WHAT TO PRODUCE: Reproduce the lines below exactly. Skip images.

DATA EXCERPT:
○ ○ ○ ○

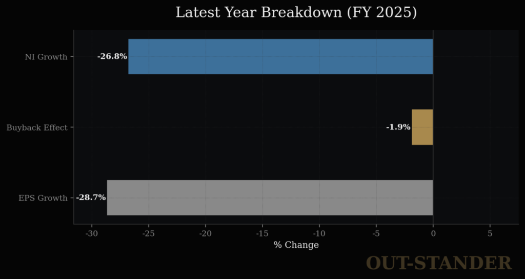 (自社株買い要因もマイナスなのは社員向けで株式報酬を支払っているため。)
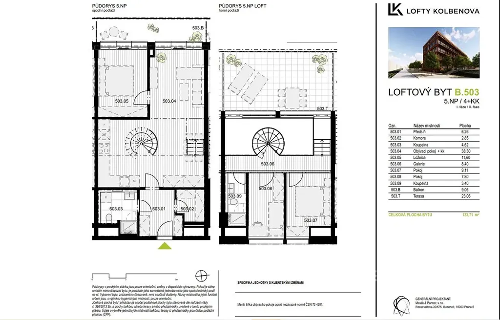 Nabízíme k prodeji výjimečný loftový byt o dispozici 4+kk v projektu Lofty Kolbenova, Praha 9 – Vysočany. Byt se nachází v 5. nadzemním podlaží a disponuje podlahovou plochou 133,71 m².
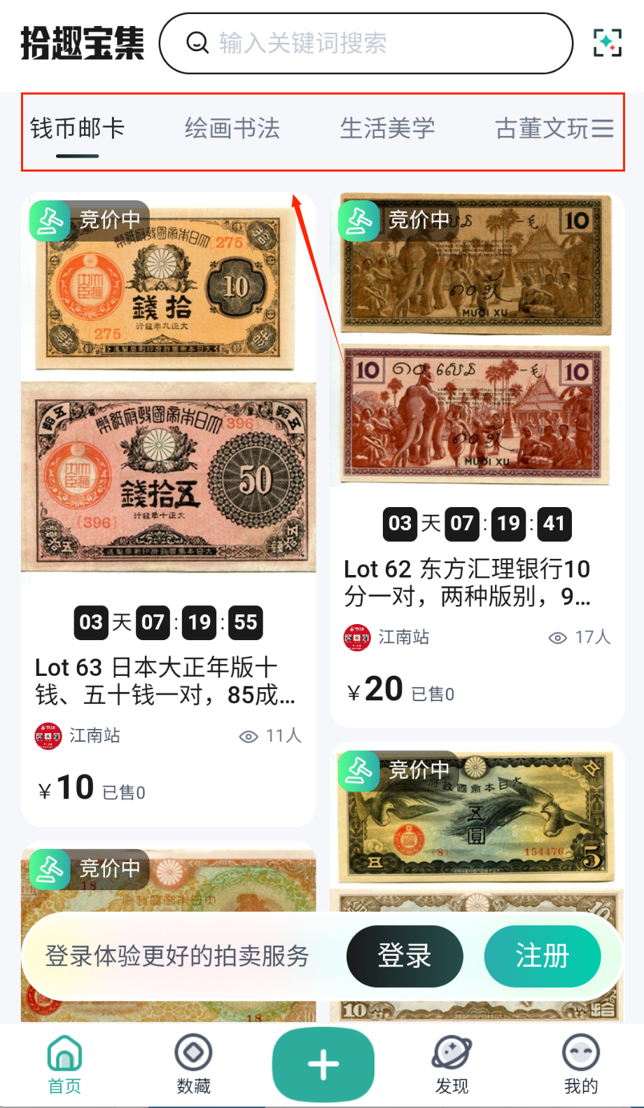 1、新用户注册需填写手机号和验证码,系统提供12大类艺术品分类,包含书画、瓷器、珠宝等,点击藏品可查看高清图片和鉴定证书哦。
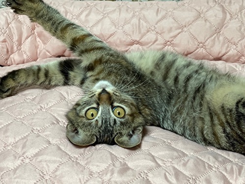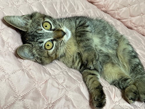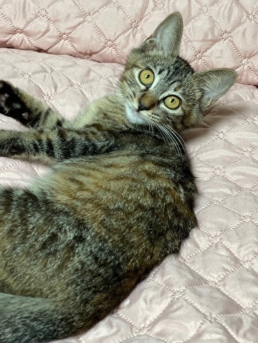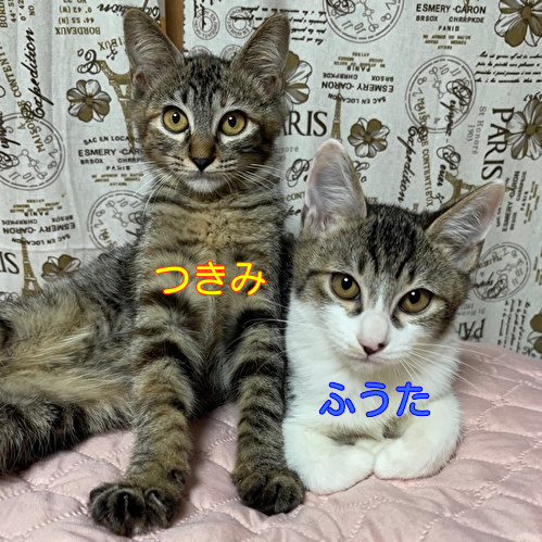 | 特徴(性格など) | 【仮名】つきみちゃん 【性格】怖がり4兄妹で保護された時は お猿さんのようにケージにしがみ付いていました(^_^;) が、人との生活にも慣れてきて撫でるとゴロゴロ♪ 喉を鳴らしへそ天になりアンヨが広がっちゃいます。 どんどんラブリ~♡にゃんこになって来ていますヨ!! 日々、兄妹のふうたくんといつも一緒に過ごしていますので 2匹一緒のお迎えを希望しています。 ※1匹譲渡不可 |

○ ○ ○ ○

SOLUTION FOR THIS PROBLEM:
 (自社株買い要因もマイナスなのは社員向けで株式報酬を支払っているため。)
 Nabízíme k prodeji výjimečný loftový byt o dispozici 4+kk v projektu Lofty Kolbenova, Praha 9 – Vysočany. Byt se nachází v 5. nadzemním podlaží a disponuje podlahovou plochou 133,71 m².
 1、新用户注册需填写手机号和验证码,系统提供12大类艺术品分类,包含书画、瓷器、珠宝等,点击藏品可查看高清图片和鉴定证书哦。
 | 特徴(性格など) | 【仮名】つきみちゃん 【性格】怖がり4兄妹で保護された時は お猿さんのようにケージにしがみ付いていました(^_^;) が、人との生活にも慣れてきて撫でるとゴロゴロ♪ 喉を鳴らしへそ天になりアンヨが広がっちゃいます。 どんどんラブリ~♡にゃんこになって来ていますヨ!! 日々、兄妹のふうたくんといつも一緒に過ごしていますので 2匹一緒のお迎えを希望しています。 ※1匹譲渡不可 |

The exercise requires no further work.